On the west coast the towns of Vannes and Concarneau are worth a look but many more in between.
Happy travelling.
Cazzie


----------



## scouter (Dec 14, 2007)

We've done a slow tour of Brittany twice, we just meandered along the coast starting near Dinard/St Malo in June. Didn't book and used a combination of Aires, French Passion and small campsites. It was brill both times.

We particularly liked Ile Grande north west of Lannion, fantastic coast, huge empty bay full of people cockelling at low tide, and the north coast. On the west coast Camaret sur Mer has stunning views over the sea and a huge aire, and we particularly liked the one near Audierne.
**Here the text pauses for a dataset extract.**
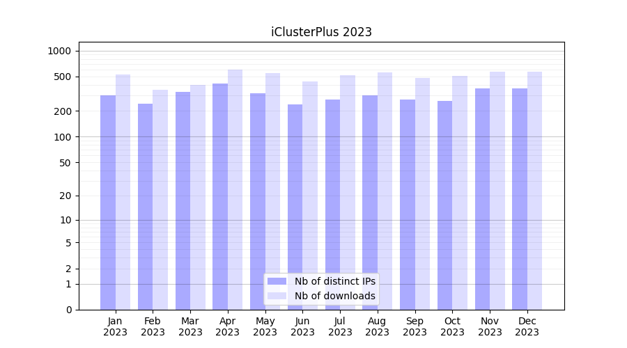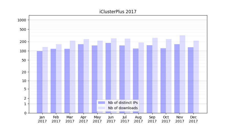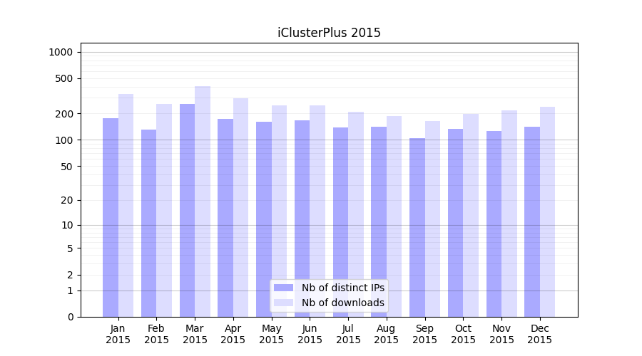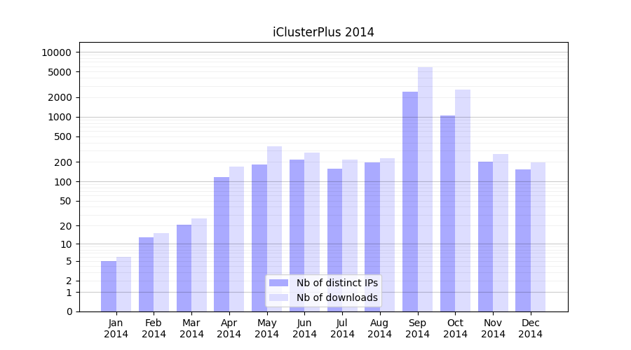Number of downloads for software package iClusterPlus, year by year, from 2025 back to 2014 (years with no downloads are omitted):

French passion has beef farms, cidre farms etc

alan


----------



## smurfinguk (Jul 21, 2007)

Hi
Did a tootle of Brittany last year. Fantastic. Great site at Pors Peron. All the coastline is lovely. Plenty of aires on coast and inland.
Don't miss the parish closes south of Morlaix and northeast of Brest. ( Guimilau and St Tregonnec are just two of them) Really interesting. Weather much warmer in south of Brittany. Carnac is great but out of season is best, otherwise very crowded. 
Smurfinguk 
( see our blog 5 on MHF for lots more details)


----------



## Autumn (Jul 9, 2006)

Thank you so much for info. on Brittany. I have noted all the suggestions. It certainly sounds lovely and on this warm sunny spring day I am really getting into holiday mood. Pity that this is also the day I received my insurance renewal documents for the 'van!

Autumn


----------



## Autumn (Jul 9, 2006)

I compiled a tour route of Brittany, based upon all the suggestions given. It does look good, I think. Obviously I will fine tune it but a great start, so thanks again everyone. 

I hope I can successfully load the image.

Autumn


----------



## barryd (May 9, 2008)

Looks a good route. Dont know if you plan to come off the route and explore some of the coast in the north bit as your missing out some lovely coastal areas if you stick to the route exactly.
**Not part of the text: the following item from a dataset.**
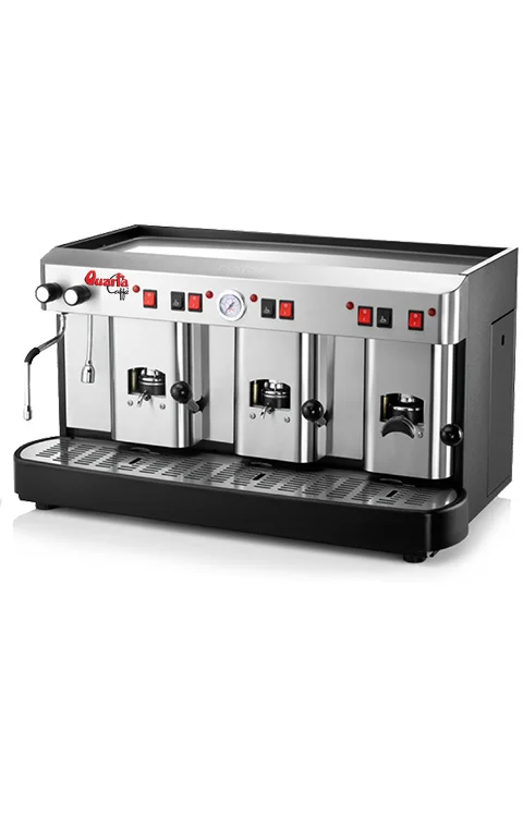 Macchina per caffè espresso a cialde in carta. Cecilia 3 gruppi è una macchina professionale a cialde adatta a bar e ristoranti. Permette di preparare contemporaneamente 3 caffè e allo stesso tempo è molto flessibile perché consente di spegnere i gruppi non necessari quando non servono. Come per gli altri modelli della serie, in ciascun gruppo è possibile montare il beccuccio singolo (per cialde da 7 g, 1 tazza) . Monta una caldaia da 3 litri e mezzo, il che costituisce un’eccezionale riduzione dei consumi energetici rispetto alle macchine in commercio. Anche la vaschetta di scarico è particolarmente capiente (3,5 litri). Cecilia 3 gruppi esiste in versione manuale o automatica (tasti: caffè lungo e caffè ristretto). Interruttori separati per un risparmio energetico del 70% rispetto ad una macchina tradizionale da bar. Semplicità di utilizzo

It looks similar to routes we have done a few times.

There are so many places to stop off and see. I would allow at least a couple of weeks minimum for that lot.


----------



## aldra (Jul 2, 2009)

Are each of those points stopovers???

aldra


----------



## scouter (Dec 14, 2007)

Hi again,

I'd stick to the coast on the north coast and explore the peninsula north west of Brest, there's so many villages and little towns that are worth exploring and all sorts of bays and headlands with views. Not to mention the fantastic lighthouses some on the coast others out to sea on the reefs and small islands. Its ideal for meandering and finding out somewhere to stop for an hour or even days when you find the spot

cheers alan


----------



## Zebedee (Oct 3, 2007)

> Alan said:- I'd stick to the coast on the north coast and explore the peninsula north west of Brest, there's so many villages and little towns that are worth exploring and all sorts of bays and headlands with views.


Spot on Alan.

One of our favourite destinations - but the far north by Finisterre is also very pretty and relatively quiet and unspoiled. Most people don't go there specifically so it gets bypassed. Loads of wild camping in lay byes and viewing points too, with no apparent hassle from M. le Plodde. :wink:

Dave


----------



## cater_racer (May 1, 2005)

Plenty of room on the aire at Port Louis this morning..... Weather sunny but a bit cool.


----------



## Koppersbeat (May 10, 2005)

Good we will be there next week.
Have you tried Etel whilst you are in that area ?
One of our favourites.
Barryd put a picture up of it last year.

Helen


----------



## cater_racer (May 1, 2005)

Koppersbeat said:


> Good we will be there next week.
> Have you tried Etel whilst you are in that area ?
> One of our favourites.
> Barryd put a picture up of it last year.
> ...


It's just down the road from us... Nice.

The weather has been fabulous for the last fortnight here, you will enjoy it.


----------



## brynric (Oct 17, 2009)

We toured some of that region last year. 
We mentioned a few sites on "Spring in Brittany" (sorry, not sure about the link.):roll: 
Bryn.


----------



## barryd (May 9, 2008)

> *Koppersbeat wrote: *Good we will be there next week.
> Have you tried Etel whilst you are in that area ?
> One of our favourites.
> Barryd put a picture up of it last year.
> ...


Was it these ones? I think it was you that told me to go there.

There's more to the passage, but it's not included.